---- Data extract

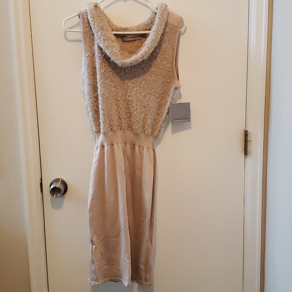 Sweater knit, knee length, sleeveless dress. Sexy and elegant with a little sparkle thru out. Has a nice stretch to hug you in all the right places while allowing for a comfortable fit. Great for a special moment to remember.
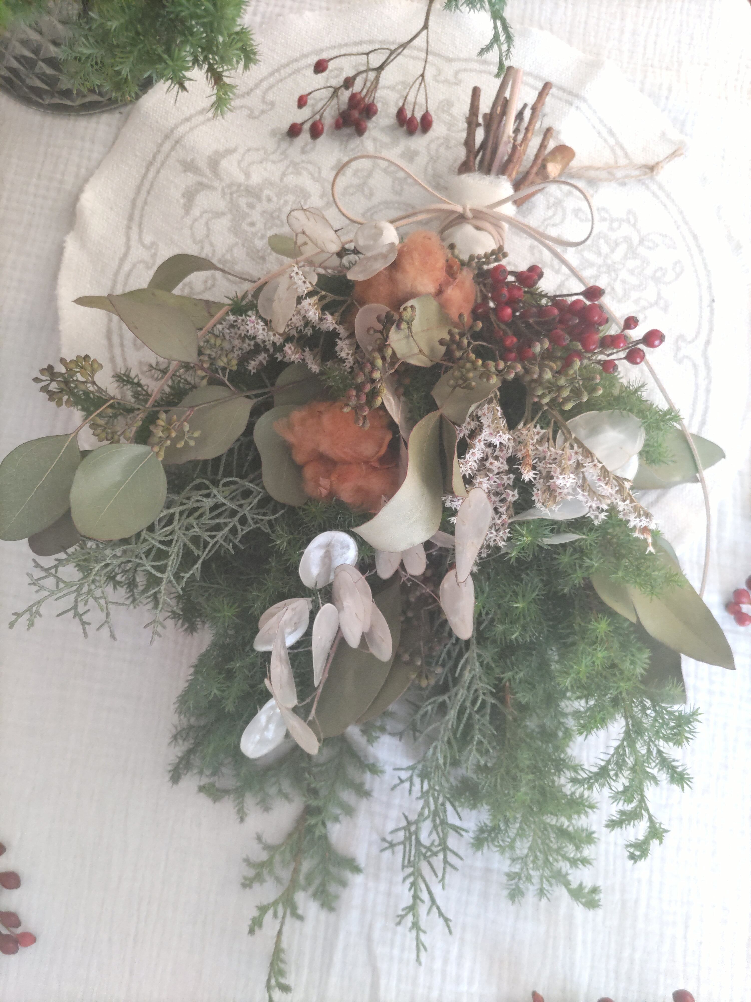 ヒムロ杉やブルーアイスにユーカリポポラスベリーもたっぷり合わせて、赤い実にルナリア、ブラウンのコットンフラワーを添えてクリスマスのドライフラワースワッグにしました( ꈍᴗꈍ)
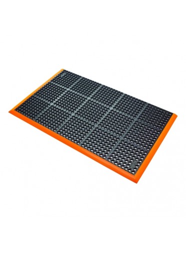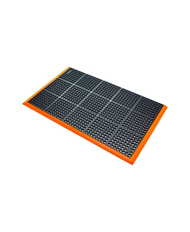 Tapis anti-fatigue pour milieu secs et huileux. Fabrication en Nitrile, résistant aux hydrocarbures, avec perforations pour drainage des liquides, bordure orange sur 3 cotés, épaisseur 22 mm, dimensions 970 x 3150 mm, poids 37,2 kg, coloris noir et orange.
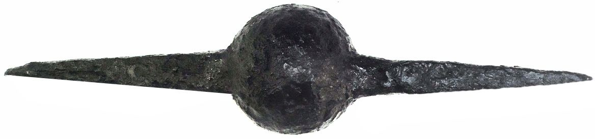 Complete iron spike-shot, very rare. 11-1/4 lb, 19" x 4-1/2". This is basically a 4" cannonball with sharp, square-shanked spikes on opposite ends to be shot out of a cannon like normal but with flaming pitch rags tied to the spikes, which set the target's sails on fire. This is the first shot of this kind we have ever offered, let alone from a major shipwreck. Recovered from: Maravillas, sunk in 1656 off Grand Bahama Island
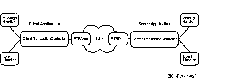 Figure 1-2 illustrates the client and server classes and the paths through which they typically communicate. (There are design alternatives to the illustrated path.) TransactionController objects control transactions. Communication between client and server applications is through messages and events sent and received by the RTR application. Data objects (instances of data classes) carry these messages and events between RTR clients and servers.

--------

### The problem
No pictures should appear in the copy. Reproduce exactly the lines from the line containing "Tapis anti-fatigue pour" through the last line of the data, inclusive.

### Reply
 Tapis anti-fatigue pour milieu secs et huileux. Fabrication en Nitrile, résistant aux hydrocarbures, avec perforations pour drainage des liquides, bordure orange sur 3 cotés, épaisseur 22 mm, dimensions 970 x 3150 mm, poids 37,2 kg, coloris noir et orange.
 Complete iron spike-shot, very rare. 11-1/4 lb, 19" x 4-1/2". This is basically a 4" cannonball with sharp, square-shanked spikes on opposite ends to be shot out of a cannon like normal but with flaming pitch rags tied to the spikes, which set the target's sails on fire. This is the first shot of this kind we have ever offered, let alone from a major shipwreck. Recovered from: Maravillas, sunk in 1656 off Grand Bahama Island
 Figure 1-2 illustrates the client and server classes and the paths through which they typically communicate. (There are design alternatives to the illustrated path.) TransactionController objects control transactions. Communication between client and server applications is through messages and events sent and received by the RTR application. Data objects (instances of data classes) carry these messages and events between RTR clients and servers.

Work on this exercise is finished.